A clean green sheet on the Silk Road


'Reciprocal relationship'
If you find the solar plant too remote in your life as its impact may not be immediately felt, you may want to go on a tour of Abu Dhabi, mindful of the charging stations as a fixture of the cityscape. The city has set concrete decarbonizing transformation strategies for its transportation system. "With our partners, we look to ensure an entire zero emission fleet of taxies by 2040," declares Abdulla Al Marzouqi, director-general of Abu Dhabi's Integrated Transport Centre, a subsidiary of the Department of Municipalities and Transport.
Shenzhen, which Al Marzouqi hails as one of the few successful stories of green public transport transformation, will be the key model for the UAE to take a leaf from. Shenzhen Bus Group is the first and largest pure electric transport operator with about 10,000 electric vehicles, and "they will provide us with support and guidance - from drafting electric transport policies to assessing electric transport operational efficiency," he says.

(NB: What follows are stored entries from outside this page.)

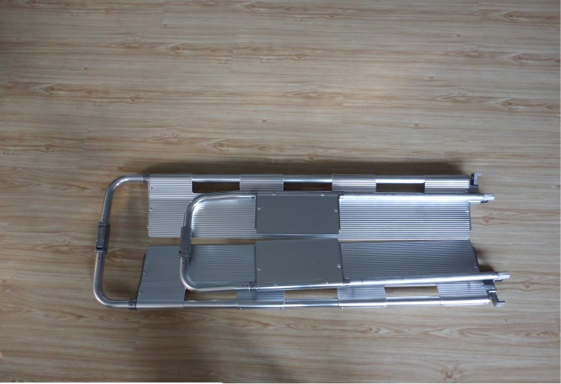 *Detachable design, rigid separation structure, transfer fracture and serious injury patients. The two ends are equipped with clutch devices, which can be separated into left and right parts. The side switch is easier to operate and provides better protection for the wounded. The stretcher is quickly shoveled into or removed from under the patient without moving the patient.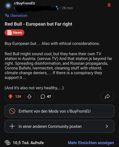 Red Bull might sound cool, but they have their own TV station in Austria. (servus TV) And that station js beyond far right. Spreading disinformation, and Russian propaganda, Corona Bullshi, Ivermectint, cleaning stuff with chlorid, climate change deniers, … If there is a conspiracy they support it …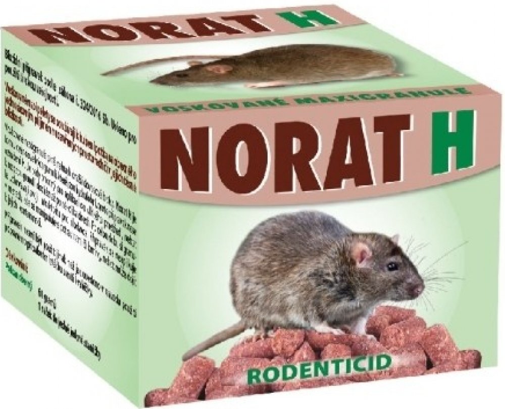 Hydrofobní požerová nástraha-granule na hubení myší a jiných hlodavců k aplikaci do jedových staniček, do vlhkého prostředí (kanalizace). Složení granulí zabraňuje jejich rozpadu ve vlhkém prostředí. Jed na myši Norat H udrží tvar po dobu několika dní. Vysoká účinnost již při malém množství. Obsahuje hořký averzivní prostředek.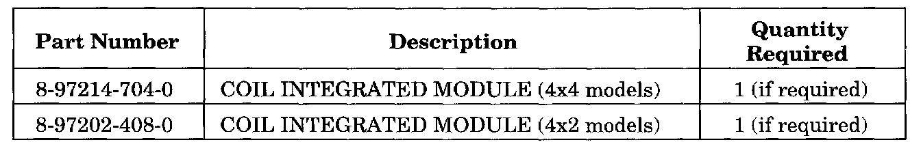 The Coil Integrated Modules are not interchangeable between 2WD and 4WD drivetrains. Make sure that a 2WD Coil Integrated Module is installed only on a 2WD vehicle and a 4WD Coil Integrated Module is installed only on a 4WD vehicle.

Chinese mainland companies in the new energy sector are taking intellectual and technical assets, as well as technological standards, overseas today - "from upstream, like solar energy production and energy storage services, to downstream, where EV companies are coming to the Middle East," says Hallie Liao, general manager of KMB International Inc, parent company of Shenzhen Bus Group.
In the exhausting battle with climate deterioration, China has gone out of its way liaising with countries and regions involved in the BRI, hoping to haul humanity back from the cusp of possible annihilation by climate change. But the country runs the gauntlet of international naysayers discrediting it for intensifying its grip on the renewable energy chain.
Rumors can be damaging, but they would easily crumble if everyone in the know smashes them and defends the wronged side.